▽

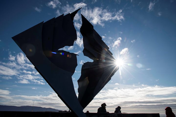 In the early hours of the morning we slipped out of the protection of the Beagle Channel and made our way south to this infamous location off the southern tip of South America. Circumnavigating the island, named by a Dutch captain after his hometown in The Netherlands, we had good views of the Albatross Memorial (honoring the maritime dead) and the lighthouse. By mid-morning a window of opportunity for a landing had presented itself and we were able to land some 130 guests in an exemplary Zodiac operation of the kind for which National Geographic Explorer is celebrated. The lighthouse keeper and his family hosted us graciously and we braved the strong winds atop the island to visit the Albatross Memorial and that to Captain Robert Fitzroy who had preceded us with a landing here in 1830. It was moment to savor with our purser kept busy ensuring our passports received a commemorative stamp.
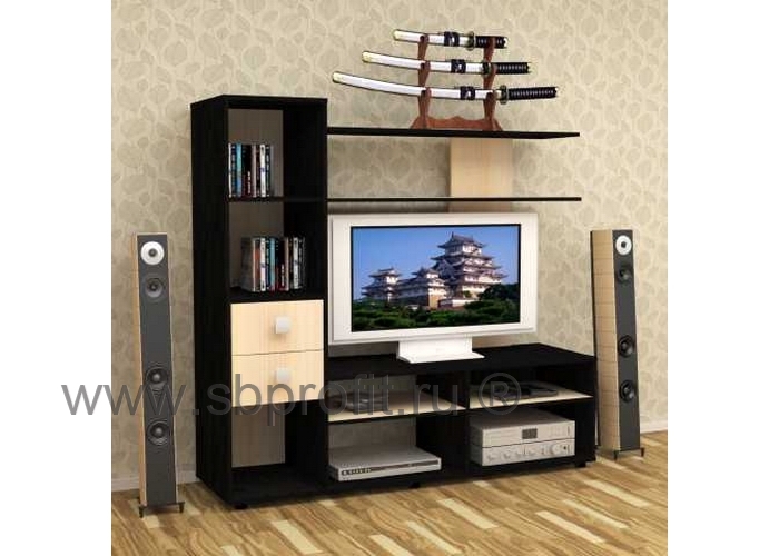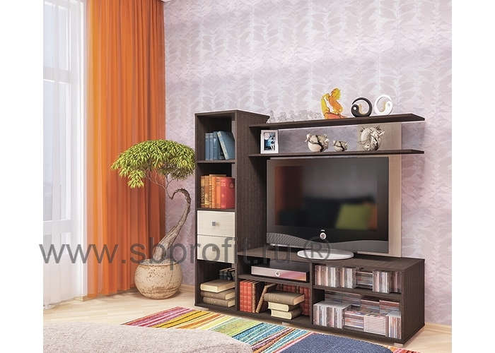 Тумба ТВ-1 – современная стильная модель гостиной. Отличительной особенностью изделия является характерная схожесть с мини-горкой. Так, правая часть тумбы оснащена пеналом с двумя выдвижными ящиками и вместительными нишами. Они удобны для размещения книг, аксессуаров и прочих принадлежностей.
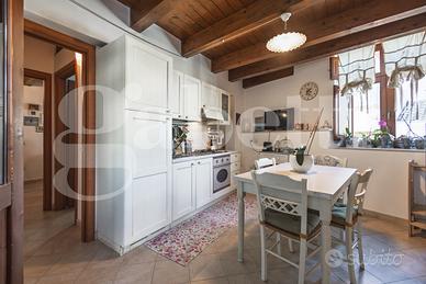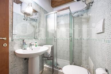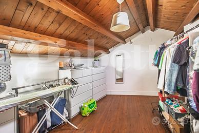 Accedendo ad una scala in legno si va nella zona mansardata dove troviamo una camera matrimoniale dalla generosa dimensiona con velux sul tetto e da un'altra stanza utilizzata come cabina armadio sempre con velux e da un bagno con vasca, anch'esso provvisto di areazione meccanica.

△

* [Problem description] The line containing "Тумба ТВ-1 –" and every line after it, through the end of the data, are to be output exactly. Omit the pictures.

* [Task response]
 Тумба ТВ-1 – современная стильная модель гостиной. Отличительной особенностью изделия является характерная схожесть с мини-горкой. Так, правая часть тумбы оснащена пеналом с двумя выдвижными ящиками и вместительными нишами. Они удобны для размещения книг, аксессуаров и прочих принадлежностей.
 Accedendo ad una scala in legno si va nella zona mansardata dove troviamo una camera matrimoniale dalla generosa dimensiona con velux sul tetto e da un'altra stanza utilizzata come cabina armadio sempre con velux e da un bagno con vasca, anch'esso provvisto di areazione meccanica.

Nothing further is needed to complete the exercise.